Before joining the initiative, she knew the fundamentals of building. But she didn’t know how to scale her business — about financials, tax credits or how to take on multifamily projects.
“Being a small business owner coming from underserved areas, you don’t really have the support to know about financials,” she said.
For Andrews, her major takeaway from the program was the importance of building a network of other developers to learn from and collaborate with.
The varying skills that cohort members come in with make the training a robust experience, Gougis said.
“Being a real estate developer is a challenging career and is not a job that can be done alone,” Gougis said. “You need a team. You need individuals who can help you achieve your goals and vice versa.”
Most of the cohort has less than five years of experience. But there are industry veterans in the mix, like Joe Dillard III, who has worked in project management for decades.
His background stems from an education in architecture and engineering, and after seeing real estate development done at large, he wanted to go granular into the economics of the industry.

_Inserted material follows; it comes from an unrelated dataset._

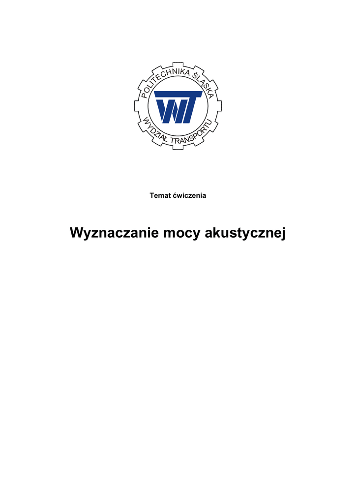 Y RT U PO LI W DZ I HNIKA ŚL KA ĄS C TE O AŁ T RANSP Temat ćwiczenia Wyznaczanie mocy akustycznej Cel ćwiczenia Pomiary poziomu natęŜenia dźwięku źródła hałasu. Wyznaczanie mocy akustycznej źródła hałasu. Wyznaczanie widmowej charakterystyki akustycznej źródła dźwięku. Wiadomości wstępne Charakterystyka maszyn i urządzeń jako źródeł hałasu wymaga podania takich wielkości, które umoŜliwiłyby ich obiektywną ocenę w warunkach pracy. Do takiej oceny niezbędne są informacje o wysiłku źródła (moc, poziom) oraz o widmie częstotliwościowym źródła. W pewnych przypadkach mogą to być informacje wzajemnie ze sobą powiązane, takie jak: moc akustyczna, poziom mocy akustycznej i poziom hałasu. Są to informacje traktujące sumarycznie całe widmo emitowanego hałasu. Drugi rodzaj informacji to dane o widmie hałasu w postaci poziomów w pasmach tercjowych, oktawowych lub innych zwanych poziomami widmowymi. Takie dane umoŜliwiają ocenę porównawczą maszyn oraz ocenę poziomu hałasu maszyny w dowolnych znanych warunkach akustycznych. Cel badań w tym przedmiocie stanowią więc charakterystyki hałasowe maszyn jako źródeł hałasu. Charakterystyki te mogą być wykorzystane do sporządzania atestu akustycznego maszyny. Ponadto badania te słuŜą identyfikacji i lokalizacji źródeł hałasu w celu ich minimalizacji. Metody wyznaczania poziomu mocy akustycznej Istnieją dwa przeciwne podejścia do określania poziomu mocy akustycznej źródła: pomiary w strefie, gdzie dominuje pole bezpośrednie, czyli blisko źródła dźwięku gdzie wpływ dźwięków odbitych od ścian pomieszczenia i jego wyposaŜenia moŜna uwzględnić wykonując korektę (poprawkę środowiskową). pomiary w strefie, w której dominuje pole pogłosowe, czyli z daleka od źródła. W obydwu grupach metod wyznaczania poziomu mocy akustycznej duŜy wpływ ma charakterystyka środowiska badawczego. Druga grupa metod (gdy opieramy się na pomiarach wykonanych w polu pogłosowym) jest moŜliwa do zrealizowania tylko w pomieszczeniach specjalnie do tego celu zbudowanych (komory pogłosowe). W przypadku metod opartych o pomiary w polu swobodnym zaleŜy nam na tym, aby pole pogłosowe miało jak najmniejszy wpływ na uzyskane wyniki. Środowiska badawcze spełniające takie wymagania to: komory bezechowe lub półbezechowe wolne przestrzenie na otwartym terenie duŜe pomieszczenia lub poddane adaptacji akustycznej Ewentualny zakłócenia pochodzące od dźwięków odbitych (pole pogłosowe) naleŜy uwzględnić wprowadzając poprawkę środowiskową K2. Poprawkę K2 moŜna wyznaczyć dwoma metodami: K2 wyznaczona z oceny pochłaniania środowiska badawczego K2 oceniana za pomocą źródła dźwięku odniesienia. W przypadku korzystania ze źródła dźwięku odniesienia poprawkę określa się poprzez ustalenie róŜnicy w poziomach mocy akustycznej wyznaczonej w czasie pomiaru i podanej przez producenta źródła dźwięku. Metoda oparta na ocenie stopnia pochłaniania dźwięku przez środowisko opiera się na załoŜeniu, Ŝe pole akustyczne pogłosowe jest rozproszone, to znaczy jednorodne i ustalone. Poprawkę K2 moŜna wtedy wyznaczyć z chłonności akustycznej pomieszczenia badawczego i pola powierzchni pomiarowej. K2 = 10 log [1+4 S/A] [dB] S – pole powierzchni pomiarowej A – chłonność akustyczna pomieszczenia [m2] wyznaczona z zaleŜności: A = α Sv α – średni współczynnik pochłaniania dźwięku Sv – całkowite pole powierzchni ograniczającej pomieszczenie badawcze Średni współczynnik pochłaniania dźwięku α moŜna wyznaczyć na podstawie: oszacowania współczynnika pochłaniania dźwięku kaŜdego elementu powierzchni pomieszczenia badawczego pomiaru czasu pogłosu pomieszczenia badawczego w strefie, w której znajduje się badane źródło pomiarów akustycznych wykonanych jednocześnie na dwóch powierzchniach otaczających źródło dźwięku Bez względu na zastosowaną metodę wyznaczania mocy akustycznej wyznaczanie emisji hałasu danego źródła jest zakłócone przez emisję dźwiękową, zwaną „hałasem tła”. NaleŜy w związku z tym wprowadzić poprawkę uwzględniającą hałas tła K1. Jej wartość jest wskaźnikiem jakościowym, związanym z klasą dokładności. Zastosowane kryterium odnosi się do wartości róŜnicy ∆Lp między mierzonymi poziomami ciśnienia akustycznego z włączonym i wyłączonym źródłem badanym. Wartość poprawki K1 oblicza się z wzoru: K1 = -10 log (1 – 10-0,1∆Lp ) [dB] ∆Lp = L’p - L’’p L’p – równowaŜny poziom dźwięku uśredniony na powierzchni pomiarowej w czasie pracy badanego źródła L’’p – równowaŜny poziom dźwięku hałasu tła uśredniony na powierzchni pomiarowej przy wyłączonym źródle uwaga JeŜeli ∆Lp > 10 dB wtedy K1 = 0 Program ćwiczenia Wyznaczanie poziomu mocy akustycznej metodą orientacyjną wg ISO 3746 (wyznaczanie wartości mocy akustycznej NA , wyznaczanie charakterystyki widmowej badanego źródła hałasu) 1. Wyznaczyć prostopadłościan odniesienia obejmujący badane źródło hałasu (l1, l2, l3) Rys. 1. Lokalizacja punktów pomiarowych na prostopadłościennej powierzchni pomiarowej 2. Określić liczbę punktów pomiarowych zgodnie z wartościami podanymi w tabeli: Tabela 1. Liczba wymaganych pozycji mikrofonu wg wielkości maszyny dla norm ISO 3744 i ISO 3746 rozmiary l1, l2, l3 źródła EN ISO 3744 EN ISO 37461) wm (klasa 2) (klasa 3) l1≤1 , l2≤1 , l3≤2 9 5 (małe źródło) l1≤1 , l2≤1 , 2<l3≤5 17 9 (źródło wysokie i wąskie) 4<l1≤7 , l2≤1 , l3≤2 19 11 (źródło wydłuŜone) 1<l1≤4 , l2≤4 , 2<l3≤5 36 20 (źródło średniej wielkości) 4<l1≤7 , 1<l2≤4 , 2<l3≤5 46 26 (duŜe źródło) 3. Przyjąć wartość d określającą rozmiary powierzchni pomiarowej 0,25 ≤ d ≤ 1 [m] 4. Określić lokalizację punktów pomiarowych na powierzchni pomiarowej 5. Wyznaczyć wartość poprawki K2 przyjmują

So Dillard applied to EDI.
In his years of work, he said he didn’t meet many Black developers but saw how banking disparities among people of color can stunt a professional’s potential to grow.

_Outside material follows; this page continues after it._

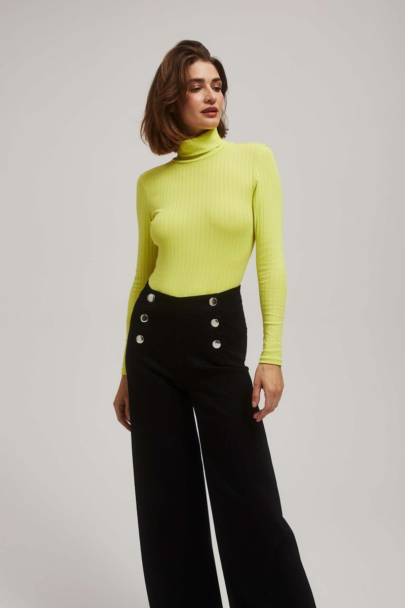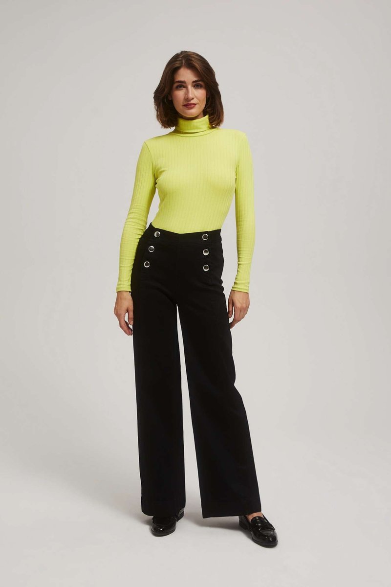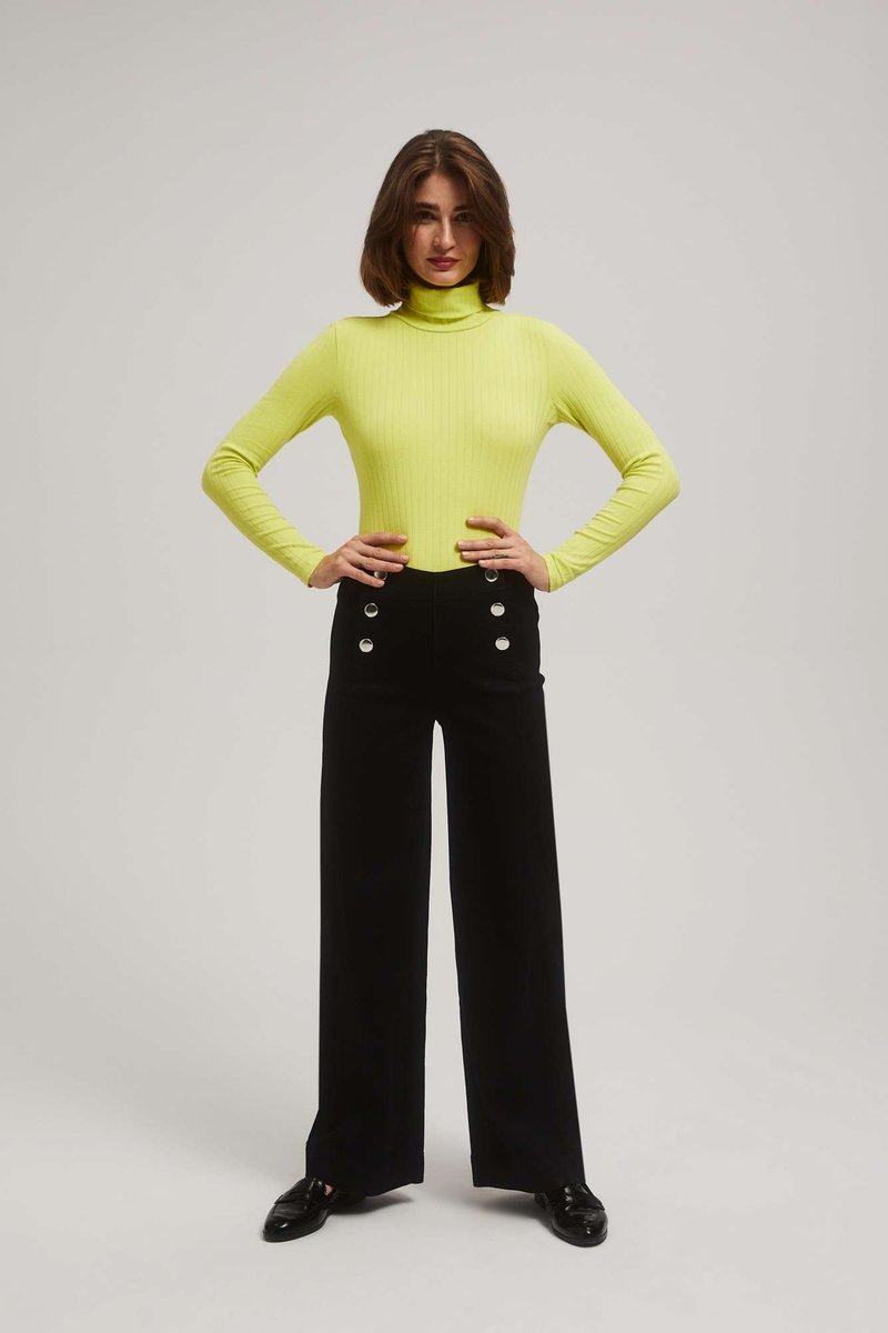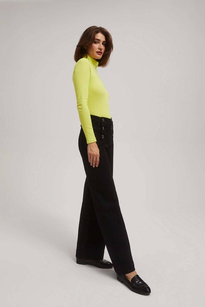 78% BAWEŁNA, 20% POLIESTER, 2% ELASTAN Unikalne, czarne jeansy bez wzoru to idealny produkt dla każdej kobiety, która ceni sobie wygodę, styl i wysoką jakość. Wykonane z wysokiej jakości bawełny, zapewniają maksymalną wygodę podczas noszenia. Dodatkowo, ozdobny pas oraz guziki nadają im oryginalności i unikalnego charakteru. Ich szerokie nogawki dodają lekkości i sprawiają, że każdy krok staje się elegancki i pełen wdzięku. Długość nogawki może być dostosowana do preferencji, zarówno długa, jak i średnia długość jest dostępna.

“There have been challenges that have been seemingly insurmountable,” Dillard said. “But with programs like what this program does, this relationship with Capital Impact Partners, this is encouraging.”
For the last decade, on and off, Dillard has advised on project management at Friendship-West Baptist Church in Oak Cliff, not far from where he grew up.

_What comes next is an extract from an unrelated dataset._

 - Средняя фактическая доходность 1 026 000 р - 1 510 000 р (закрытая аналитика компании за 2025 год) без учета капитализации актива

As he watched a community grow alongside large distribution centers, he’s considered the impact it’s having on the people who live there.
“The traffic, the noise, the environmental aspects of air quality, all these things,” Dillard said. “It’s almost like you’re watching a movie that you can’t do anything about. Only it’s reality.”
Through EDI, Dillard said he’s gained confidence in his ability to make an impact and incremental change in his community through development.
“We intend to make a movie everybody wants to not only see but be a part of,” Dillard said.
Dillard helped draw initial designs for a 6-acre development that Pleasant Hill Missionary Baptist Church is planning in Pleasant Grove. The early plan was a low-density project, but since joining the cohort, he introduced higher density to the site plan to create quality housing that he said the community desperately needs.
Dillard said church leaders are excited about the higher-density model, and he plans to roll right into the project after graduating. He also hopes to use his newfound connections from the program to seek additional funding to realize the church’s vision for the community.
“There’s an accountability that comes with any form of education,” Dillard said. “When you know better, you should do better.”
With most of the homes that Andrews built, she’s worked to keep the price tag under $300,000 —well below the region’s $400,000 median home price in October. It’s a rewarding process for her, especially on closing day when families take photos in their future home.
But in her final days of the Capital Impact course, she said she’s become more excited about building multifamily developments. As the housing market shifts and interest rates spike, fewer people are going to be able to afford homes they might have before, she said. She wants her future projects to address that.
“People who can’t afford $400,000 houses, they still have to have somewhere to live,” Andrews said.